THE DATA »
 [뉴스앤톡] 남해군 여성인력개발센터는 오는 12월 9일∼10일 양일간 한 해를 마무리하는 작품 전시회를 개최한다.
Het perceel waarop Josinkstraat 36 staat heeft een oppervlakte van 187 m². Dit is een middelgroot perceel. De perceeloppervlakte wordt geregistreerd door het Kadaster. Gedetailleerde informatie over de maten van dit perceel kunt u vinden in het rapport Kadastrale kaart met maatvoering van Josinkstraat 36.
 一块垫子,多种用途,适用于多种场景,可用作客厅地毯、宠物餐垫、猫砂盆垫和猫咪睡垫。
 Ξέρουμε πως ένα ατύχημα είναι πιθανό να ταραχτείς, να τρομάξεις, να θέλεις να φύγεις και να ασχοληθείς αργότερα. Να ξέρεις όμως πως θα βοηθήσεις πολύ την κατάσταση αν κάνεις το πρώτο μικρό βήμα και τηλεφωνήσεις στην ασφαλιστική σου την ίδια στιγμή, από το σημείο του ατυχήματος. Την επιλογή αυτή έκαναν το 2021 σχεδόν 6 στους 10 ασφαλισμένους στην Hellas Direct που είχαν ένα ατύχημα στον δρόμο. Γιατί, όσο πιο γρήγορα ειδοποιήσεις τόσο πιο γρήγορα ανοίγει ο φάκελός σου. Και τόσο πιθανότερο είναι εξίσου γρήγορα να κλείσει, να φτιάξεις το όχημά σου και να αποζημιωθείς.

...

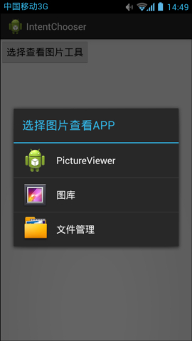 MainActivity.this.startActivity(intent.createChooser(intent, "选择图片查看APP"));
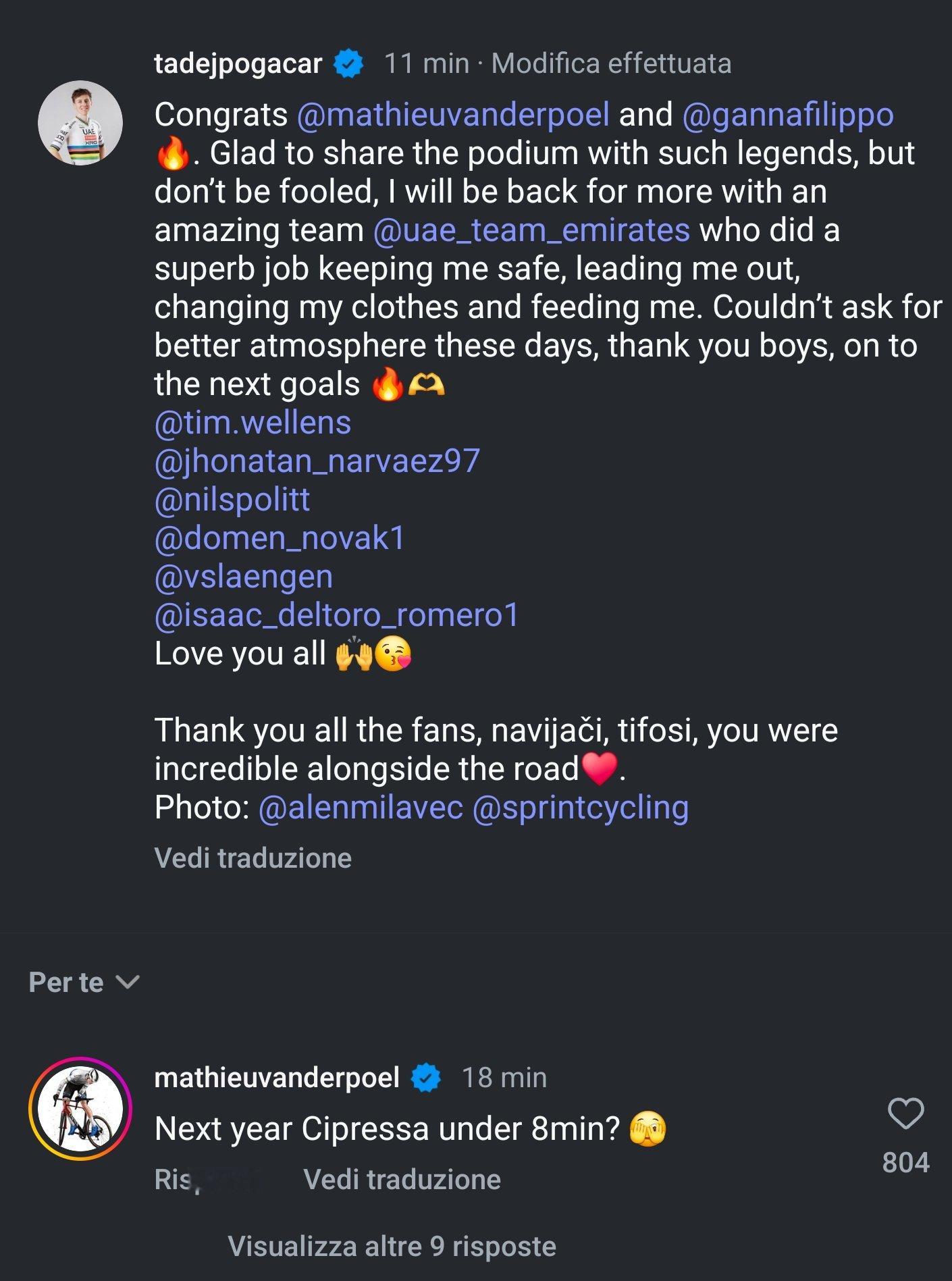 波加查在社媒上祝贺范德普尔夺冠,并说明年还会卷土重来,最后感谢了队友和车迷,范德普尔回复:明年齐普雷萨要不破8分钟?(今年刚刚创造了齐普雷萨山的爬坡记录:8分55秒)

WHAT THE TASK REQUIRES »
Your answer should consist of the lines from the line with "Het perceel waarop" to the line with "一块垫子,多种用途,适用于多" above, repeated exactly, both ends included.

EXERCISE ANSWER »
Het perceel waarop Josinkstraat 36 staat heeft een oppervlakte van 187 m². Dit is een middelgroot perceel. De perceeloppervlakte wordt geregistreerd door het Kadaster. Gedetailleerde informatie over de maten van dit perceel kunt u vinden in het rapport Kadastrale kaart met maatvoering van Josinkstraat 36.
 一块垫子,多种用途,适用于多种场景,可用作客厅地毯、宠物餐垫、猫砂盆垫和猫咪睡垫。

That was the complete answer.